Michael Perrone

IBM T.J. Watson Program Director


Lecture Information:
  • April 7, 2016
  • 11:00 AM
  • ECS: 349

Speaker Bio

Michael P. Perrone is IBM Research Program Director for Technical Vitality. Dr. Perrone is responsible for driving research strategy for large scale machine learning and high performance system design, university outreach and collaboration, business model development, client collaborations, identifying new research opportunities, managing the development of new technologies and establishing and growing industry collaborations and alliances with key business partners. Dr. Perrone research has focused on advances in the upstream petroleum industry, including seismic imaging, reservoir modeling, carbon sequestration, and related high performance computing, cognitive, business analytics, and statistical machine learning issues. Dr. Perrone led the project that won the 2009 Platts Global Energy Award for the Commercial Technology of the Year (with Repsol); and is on the board of the Mission-Oriented Seismic Research Program (M-OSRP) at the University of Houston – an industry consortium for addressing high priority seismic exploration and production challenges. Previously, Dr. Perrone performed research in a wide range of other areas, including graph algorithms, network intrusion detection, financial data stream processing (OPRA), high-speed text indexing, computational fluid dynamics, image processing and bioinformatics. His work has led to deep insight into algorithmic optimization techniques and to the design of novel supercomputing algorithms. He led the team that won the Graph500 competition five times in a row. Dr. Perrone has won numerous awards, including being named IBM Master Inventor. He is the author of 26 issued patents and over 70 technical publications. He has given numerous invited and keynote lectures at conferences, workshops and universities. He received his Ph.D. in Physics from Brown University.

Abstract

Deep Neural Networks (DNNs) have recently received tremendous publicity due to significant advances in training, accuracy, and novel applications. In many cases, DNNs outperform currently deployed, traditional machine learning techniques; and many researchers are expecting this trend to continue. Due to large data sets and model sizes of typical DNNs, training can take days or longer on single node systems. This long turn-around time makes efficient exploration of the model and algorithm space is very difficult. In this paper, we investigate multinode scale-out to accelerate turn-around time and enable efficient exploration.

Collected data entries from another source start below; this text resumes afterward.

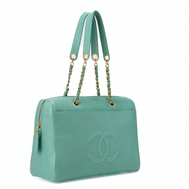 Pre-Owned Shoulder Bag Caviar Skin Black Coco Mark Ball Charm Large Size Gold-Tone Hardware, Pre-Owned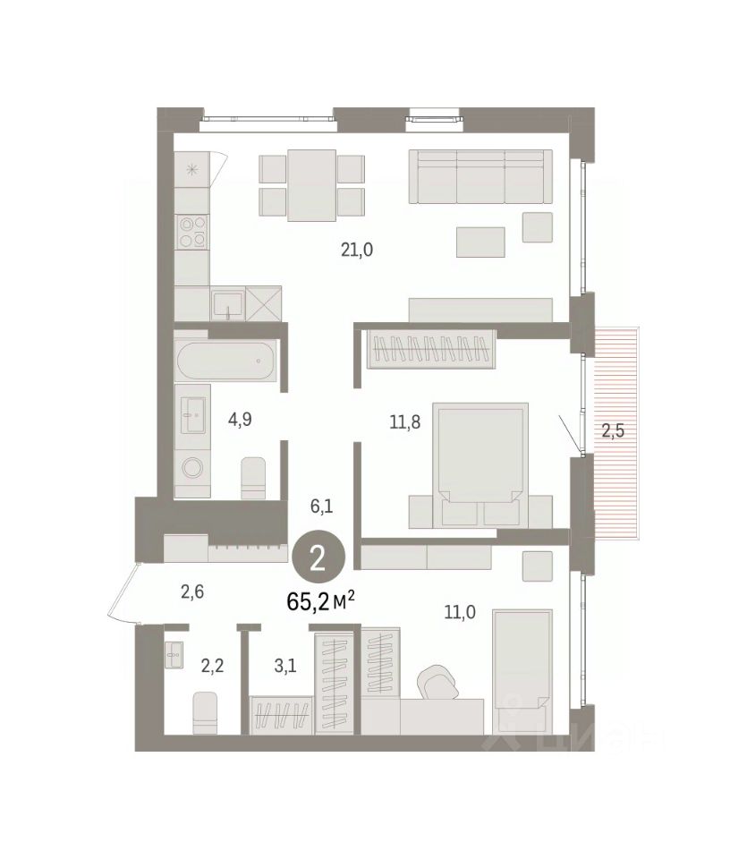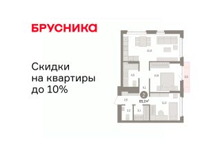 2-комн. квартира с предчистовой отделкой в ЖК "Квартал Траектория" на 4 этаже. Общая площадь: 65.2 кв.м., жилая: 22.8 кв.м., площадь просторной кухни-столовой: 21 кв.м. Квартира угловая, окна oбecпeчивaют paвнoмepнoe ocвeщeниe в тeчeниe дня. В квартире один балкон, один совмещенный и один раздельный санузел. Высота потолков 2.82 м.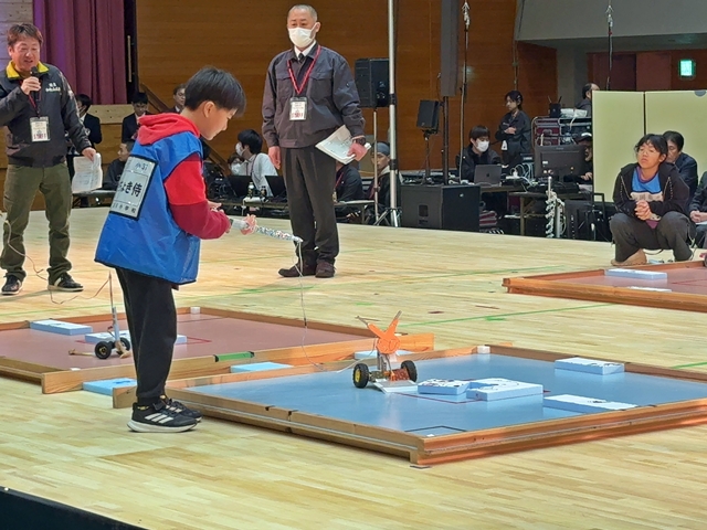 きょうは、全国の小・中学生による自作ロボットの対戦競技が行われたほか、県内の高校生による輪投げロボットの競技も行われました。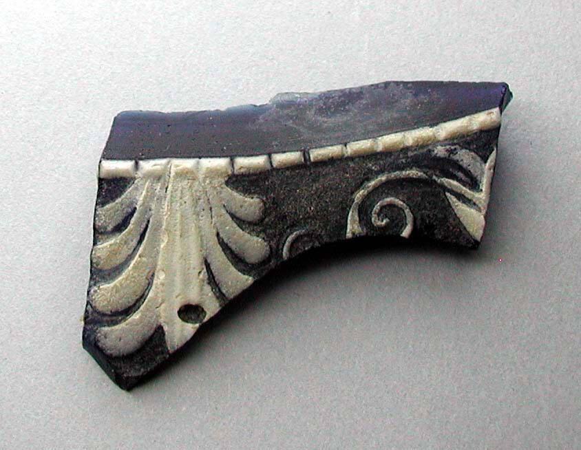 DescriptionOpaque white decoration on translucent blue glass. Flat rim fragment from a shallow dish, featuring a palmette frond and acanthus scroll tendril framed by a dashed white inner border. The relief decoration is achieved through the cameo glass technique, in which a white overlay was selectively removed to reveal the blue ground, creating a high-relief effect.

This presentation proposes a solution to the problem of optimal, high-level system design for scale-out Deep Neural Network (DNN) machine learning systems. By developing a methodology that goes beyond traditional bottleneck analysis, it is possible to optimally select amongst a set of designs, each of which balances compute and communication. The methodology determines the optimal performance, which is used to assess system design trade-offs under constraints such as fixed price, etc.